Portugal vive um surto de hepatite A desde o início de 2025, com 488 casos confirmados em todo o país até o momento. Ao que apurou a SNC TV News, a Direção-Geral da Saúde (DGS) tem acompanhado de perto a situação, adotando medidas intensificadas de rastreamento, vacinação e campanhas de sensibilização para frear a propagação da doença.
O que é a Hepatite A?
A hepatite A é uma infecção viral que afeta o fígado, causada pelo vírus da hepatite A (HAV). Trata-se de uma doença contagiosa, geralmente transmitida pela ingestão de alimentos ou água contaminados com fezes de pessoas infectadas, mas também pode ocorrer por contato direto com pessoas infectadas, principalmente em contextos de transmissão sexual.
Os sintomas mais comuns incluem febre, cansaço, dor abdominal, náuseas, icterícia (amarelamento da pele e dos olhos), urina escura e fezes claras. Embora a hepatite A raramente cause complicações graves ou crônicas, a infecção pode levar a um desconforto significativo e exigir cuidados médicos.
A prevenção ocorre principalmente por meio da vacinação, que é segura e eficaz, além da adoção de boas práticas de higiene, como lavar bem as mãos e consumir alimentos e água seguros.
Segundo dados oficiais, aproximadamente 25% das infecções cerca de 122 casos estão ligados à transmissão sexual, principalmente entre homens que fazem sexo com homens (HSH). As regiões com maior incidência são Lisboa e Vale do Tejo e o Norte do país, especialmente a cidade do Porto.
Esse surto não é um fenômeno isolado em Portugal, mas sim parte de um aumento mais amplo de casos de hepatite A em toda a Europa, conforme alertado pelo Centro Europeu de Prevenção e Controlo das Doenças (ECDC). No relatório semanal do órgão, destaca-se que a maioria dos novos casos ocorre em pessoas não vacinadas, ressaltando também os 122 casos ligados à transmissão entre HSH em Portugal. O surto atual teve início em fevereiro de 2024 e vem ganhando força desde então.
Diante do cenário, a DGS reforçou um conjunto de ações para controlar a doença. Entre elas, estão o rastreamento de contatos próximos dos infectados, aplicação de vacinas em esquema pré-exposição (para grupos de risco) e pós-exposição (para contatos diretos de casos confirmados), além de campanhas educativas para informar a população.
A vacinação pré-exposição é destacada como a principal estratégia preventiva, especialmente recomendada para pessoas que participam de grandes eventos, mantêm práticas sexuais de maior risco ou viajam para regiões onde a hepatite A é endêmica. A imunização pós-exposição é oferecida para proteger quem teve contato direto com infectados.
Um evento que tem recebido atenção especial é o EuroPride Lisbon 2025, que acontece até domingo em Lisboa e reúne milhares de participantes, muitos internacionais. O ECDC destacou a importância de intensificar as medidas preventivas durante o evento, devido ao surto de hepatite A entre HSH e o aumento contínuo de casos desde novembro de 2024.

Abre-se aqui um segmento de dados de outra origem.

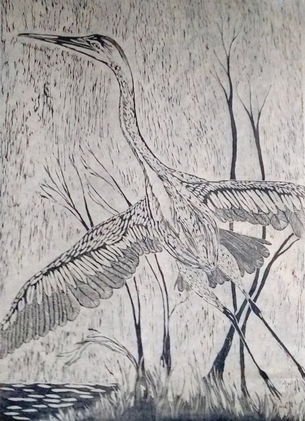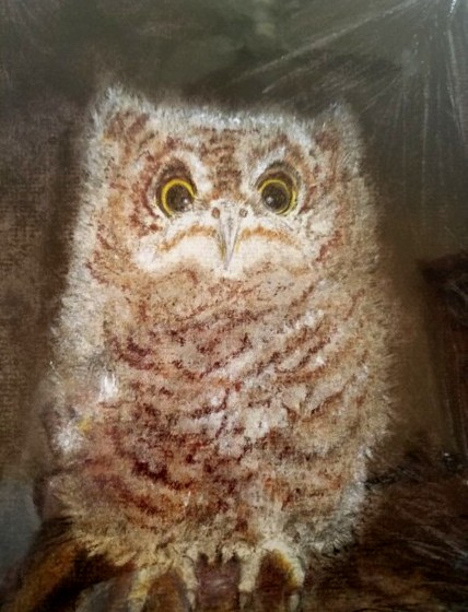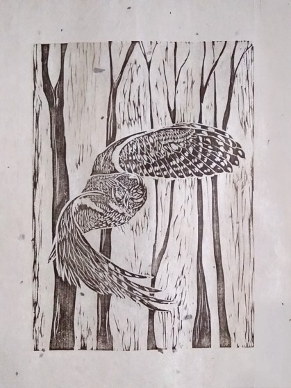 Great Horned Owl, scrachboard with ink, copyright Jill Adzia

Para responder a essa demanda, as autoridades nacionais reforçaram as orientações e abasteceram as unidades de saúde próximas ao evento com vacinas contra hepatite A. A DGS também lançou campanhas de conscientização em suas plataformas digitais e em aplicativos de encontros, alertando para os comportamentos de risco e incentivando a vacinação e a busca por atendimento médico diante de sintomas compatíveis com a doença. Essas ações têm foco especial na população GBHSH (gays, bissexuais e HSH) durante o EuroPride.
Os sintomas mais comuns da hepatite A incluem febre, mal-estar, dores abdominais, icterícia (coloração amarelada da pele e dos olhos), urina escura e fezes claras. A DGS orienta que qualquer pessoa que apresente esses sinais procure atendimento médico imediatamente.
O monitoramento da situação segue em andamento, com as autoridades portuguesas trabalhando em parceria com o ECDC para acompanhar a evolução do surto e ajustar as estratégias conforme necessário, buscando evitar a disseminação e proteger a saúde pública.